There’s much to recommend this book, and I expect that it will be well received by comics fans and fantasy readers. The fact that I was left unmoved has less to do with its qualities and more to do with my own preferences. I read fantasy hoping for novelty, or at least for a fresh take on old ideas. Every one of The Hunger and the Dusk‘s tricks, from its Warcraft-inspired orcs to its found family of rag-tag mercenaries, is borrowed from somewhere else. 

I couldn’t help but be reminded of one of the better fantasy novels I’ve read lately, The Last Blade Priest by W.P. Wiles. Not only does it have a way nastier take on evil elves, but it also has giant talking vultures as well as tangents about architecture and religious fanaticism. The traditional fantasy elements are enriched by the author’s own interests, which come from outside the genre. This is what separates a great genre book from a merely good one.

the bard has to come up with new songs

The Hunger and the Dusk by comparison lives within its means. The characters are likable but never surprising.

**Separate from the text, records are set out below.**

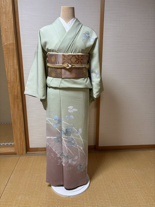 訪問着 薄緑色
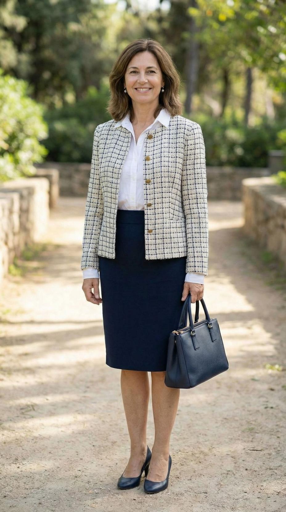 This polished ensemble demonstrates the perfect way to elevate a crisp white button-up shirt for professional settings. The look combines classic tailoring with modern sophistication – featuring a structured tweed blazer over a pristine white shirt, paired with a sleek navy pencil skirt. The monochromatic navy accessories, including pointed-toe pumps and a structured handbag, create a cohesive and refined appearance. This outfit strikes the ideal balance between authoritative and approachable, making it perfect for business meetings, networking events, or any occasion where you want to project confidence and professionalism. The neutral color palette ensures versatility while the quality pieces create a timeless look that transcends seasonal trends.
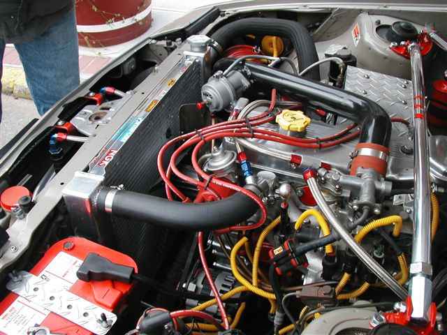 Engine bay, with newly installed strut brace from Shawn and Mike.
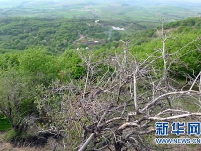 天山野苹果林内的小吉丁虫虫害向周边蔓延(5月1日摄)。 受小吉丁虫影响,今年...
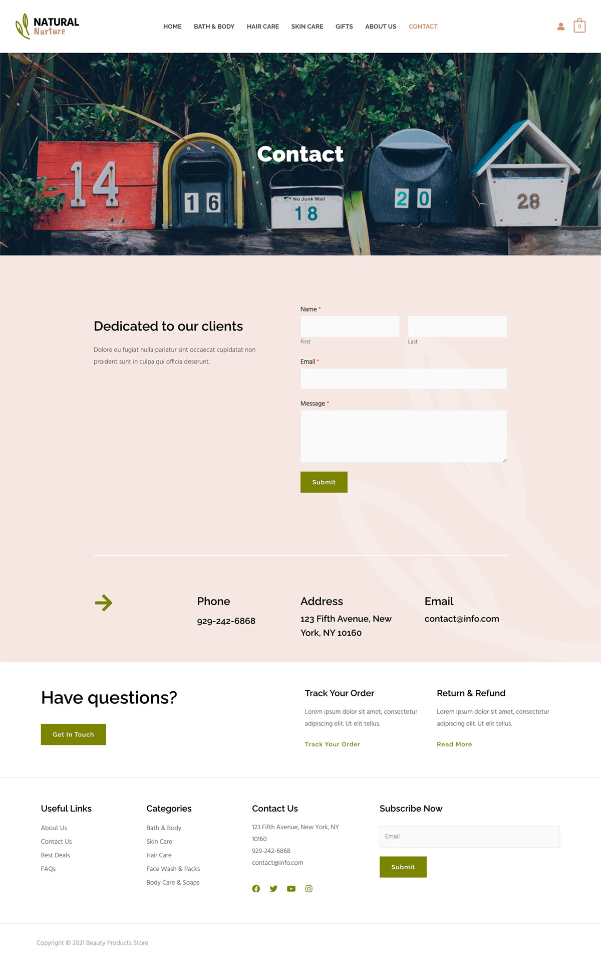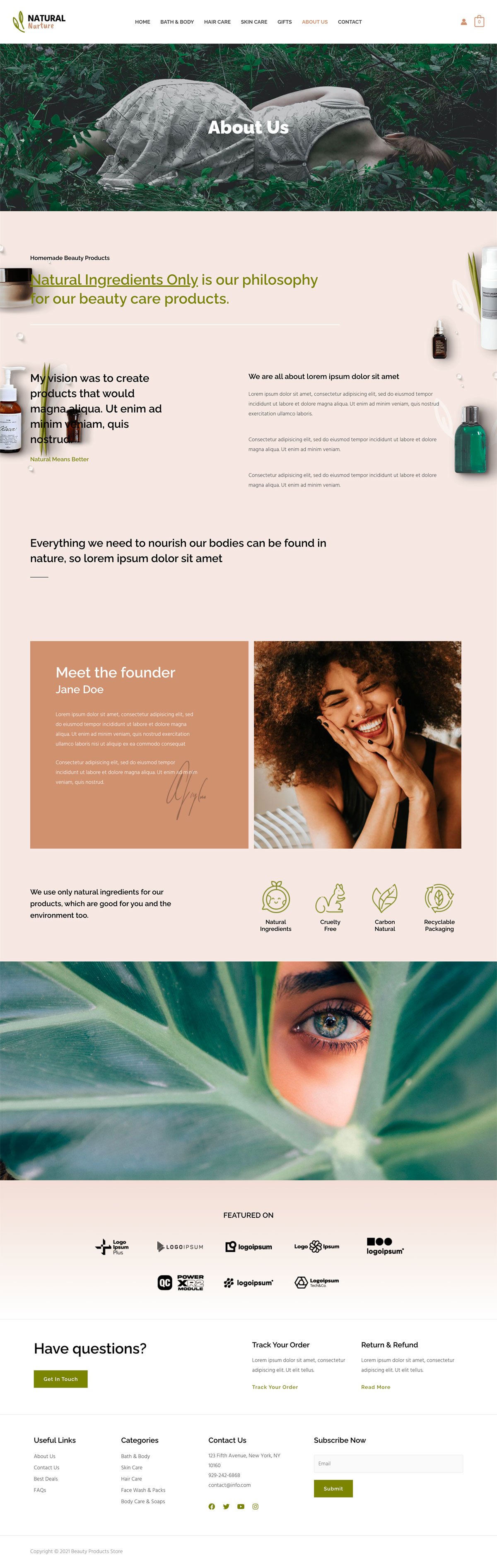由于柔和的颜色和高质量的页眉,美容产品商店模板是一个非常受欢迎的设计。这是一个浅色的设计,有阴影背景、特殊的图像和无边界的内容区域,提供了一种非常现代的感觉。
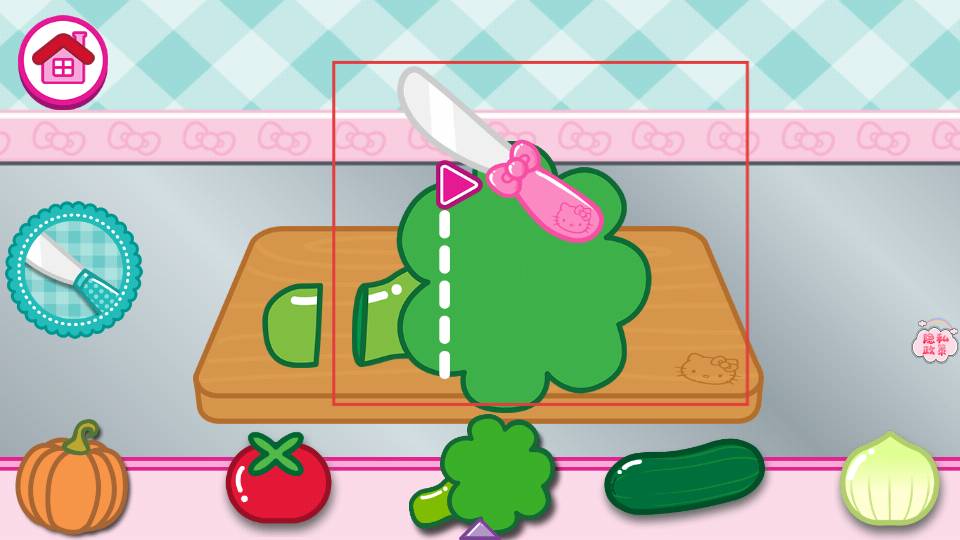 3、在廚房操作界面,選擇合適的刀,點擊并滑動屏幕來切割相應的食材,按照游戲要求完成食材處理,制作出符合目標的美食。
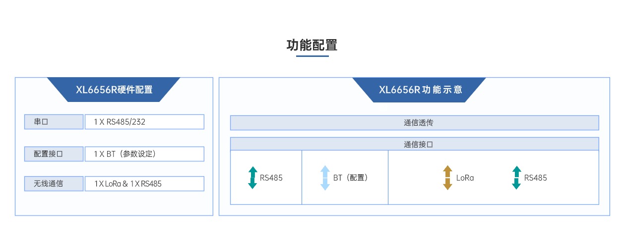 XL6656R多路通信模塊是一款高效靈活的通信轉換設備,可將RS485設備的一路輸出信號,轉為1路LoRa和1路RS485輸出信號,有效滿足了工控設備同時將數據接入兩個Modbus主站的需求,簡單、方便、易用,成本更低,滿足多種場景需求。
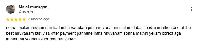 neme. malaimurugan nan kadantha varudam pmr niruvanathin mulam dubai sendru irunthen one of the best niruvanam fast visa ofter payment pannune intha niruvanam sonna mathiri yellam corect aga irunthathu so thanks for pmr niruvanam
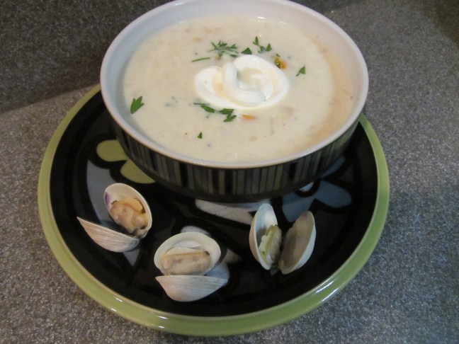 Clam chowder with parsley, pepper, tomatoes, sour cream, and steamed clams.
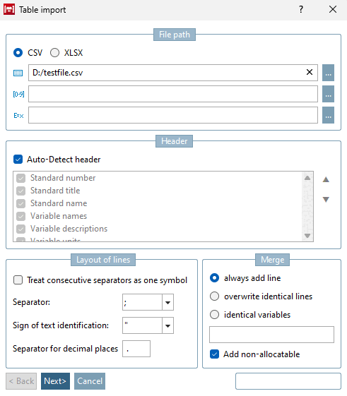 Se la casella di controllo Rileva automaticamente le intestazioni [Auto-Detect header] è attivata, si cerca di rilevare automaticamente le intestazioni da importare all'apertura del dialogo (o all'attivazione della casella di controllo). Questo include sia le intestazioni da importare che la loro sequenza. Se tutte le righe della prima colonna possono essere identificate, la casella di controllo viene attivata e la configurazione manuale delle intestazioni viene disattivata. In caso contrario, la casella rimane disattivata e l'utente deve specificare manualmente l'intestazione. Il sistema visualizzerà i messaggi di notifica corrispondenti.
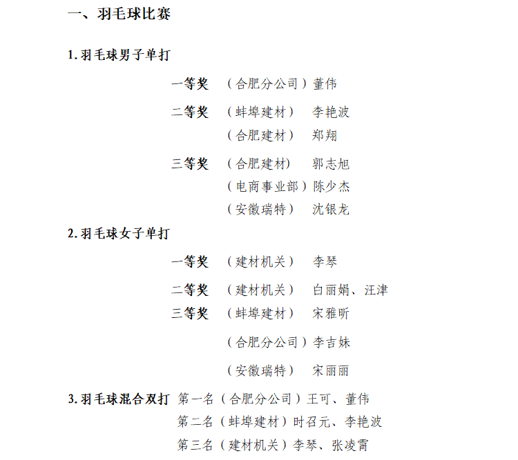 本届运动会运动会设羽毛球、乒乓球、篮球三个竞赛项目七个组别,,,,共有11个代表队约160人参赛,,,,是公司周全开启“千亿建材工业”新征程之际举行的一次综合性体育盛会,,,,赛事活动之多、加入热情之高、竞技气氛之浓为历届之最。。。。。运发动们顽强拼搏、逾越自我,,,,充分展现了365英国上市建材人优异的精神风貌和时代风范。。。。。
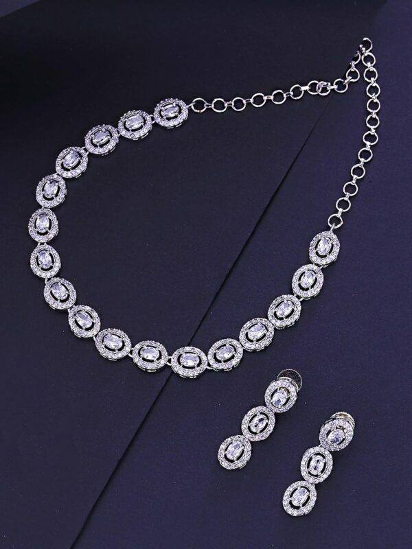 Yellow Chimes Traditional American Diamond Rhodium Rose Gold Plated AD Necklace Jewellery Set for Women
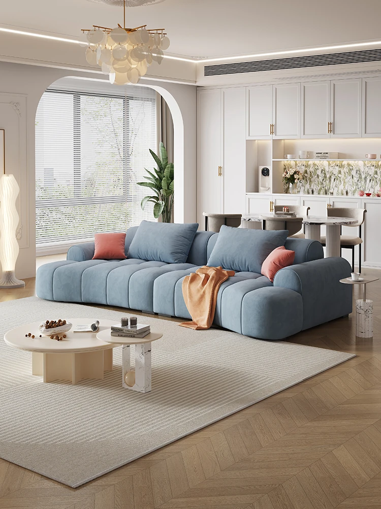 極簡×軽奢!イタリアンスタイル民宿に最適 コンパクト モダンデザイン 3〜4人掛け マット生地 布製ソファ 大人のためのエコノミータイプ
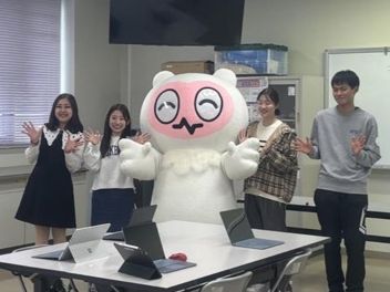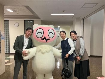 香川大学医学部附属病院公式キャラクター「くーちゃん」が地域看護学教室に来てくれました。「くーちゃん」は、学内外の様々なイベントで活躍する人気者です。今回は、芳我ゼミ・川本ゼミで卒業論文に取り組んでいる看護学科4年生の学生と交流し、持ち前の愛らしい仕草で和ませてくれました。学生や教員の表情にも自然と笑顔があふれ、教室全体がはつらつとした雰囲気となりました。
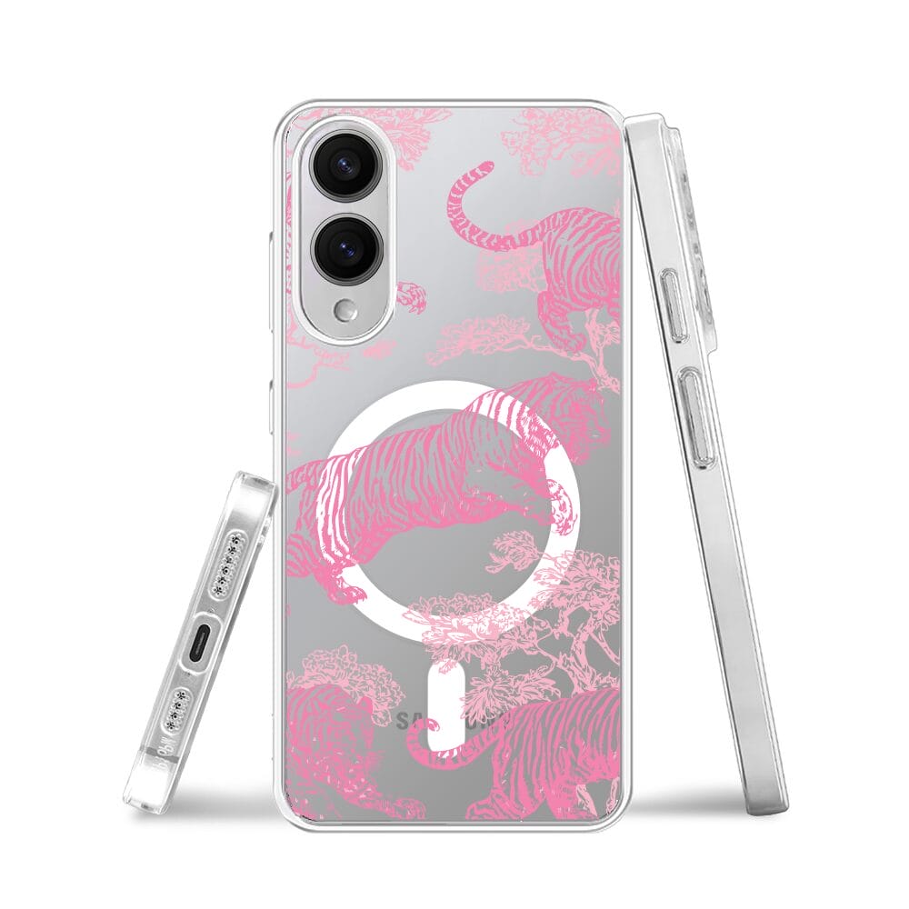 Etui do Samsung Galaxy S25 Edge z MagSafe przeźroczyste, silikonowe Flexi, Mystic, Różowe tygrysy
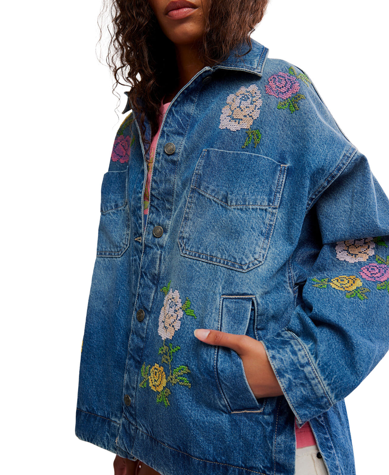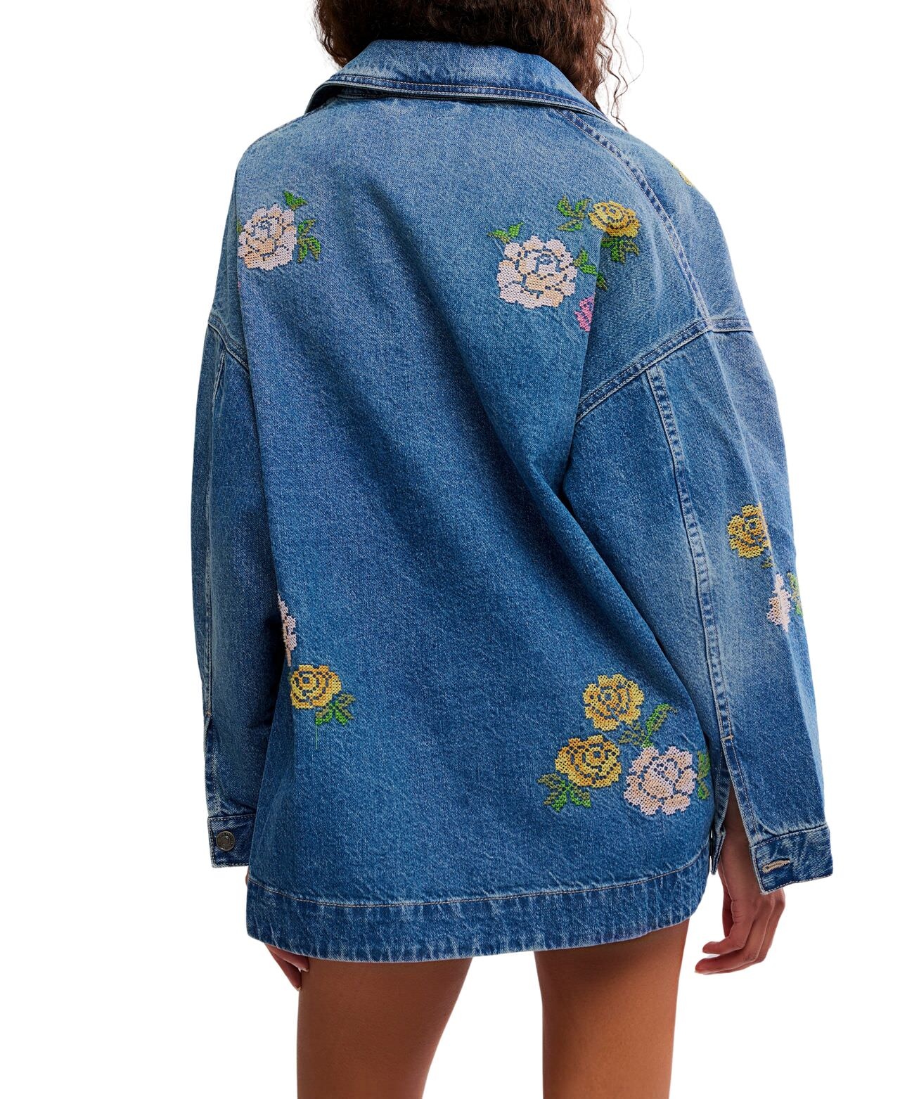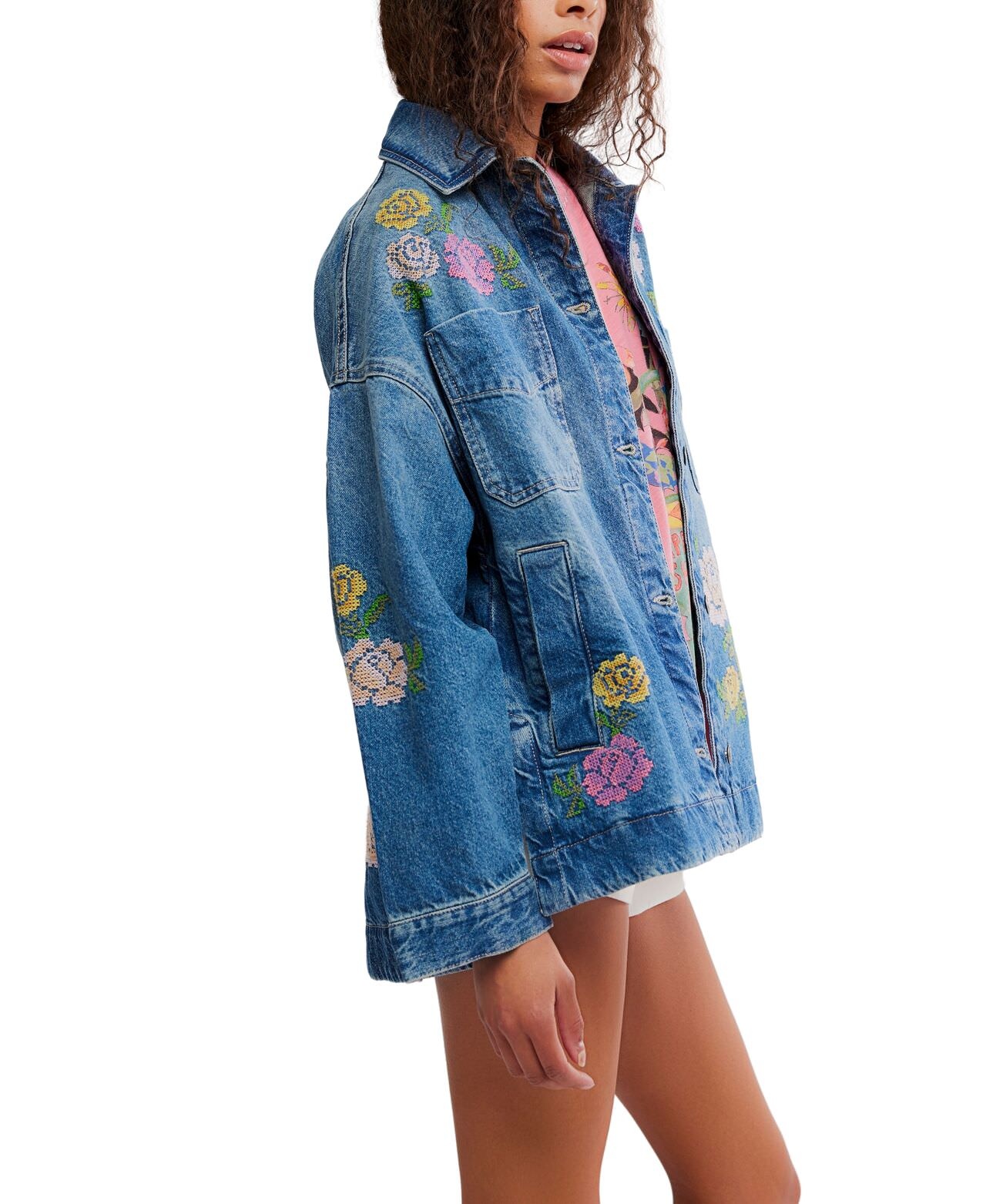 A We The Free fav, updated with celestial embroidery. Effortlessly cool in an oversized silhouette, this laidback jacket is featured in a button-down style with a collared neckline and pocket detail at the chest.

The world they inhabit has the right atmosphere but no sense of strangeness. The book’s urgent and important messaging–that people across the world must band together against an existential threat–is delivered in a conservative manner, artistically.

I blame Dungeons & Dragons. The tabletop roleplaying game is now at the height of its cultural influence. It has undoubtedly popularized fantasy as a medium and allowed for a wide audience to imagine their own worlds. Yet it has also flattened the genre. Many pieces of The Hunger and the Dusk, from its long-suffering mercenary bard to its bloody scenes of violence, read as homage to actual play rather than coherent fantasy worldbuilding.

callum versus the elves

The cliches of genre fiction are a tool in the writer’s box. At their best they are a means of establishing and then defying expectations. At their worst, they’re a foreclosure of possibility. The Hunger and the Dusk does a great job using Tolkien’s toys towards the right ends. It never does anything new with them. Nothing here measures up to the structural and or technical ambition of contemporary fantasy classics like Simon Jimenez’s The Spear Cuts Through Water or R.F. Kuang’s Babel. I expect more from this creative team.

Of course, the second and last volume of this series may change this. I’m curious to see where the climax of the first volume might lead. Will there be a hopeful ending, or will the cast’s dream of peace be deferred across generations? I’m open to being surprised. At this moment, though, I’m left thinking this is a handsome work with plenty to offer others — but not me.


The Hunger and the Dusk, Volume 1 is now available from IDW in both physical and digital formats.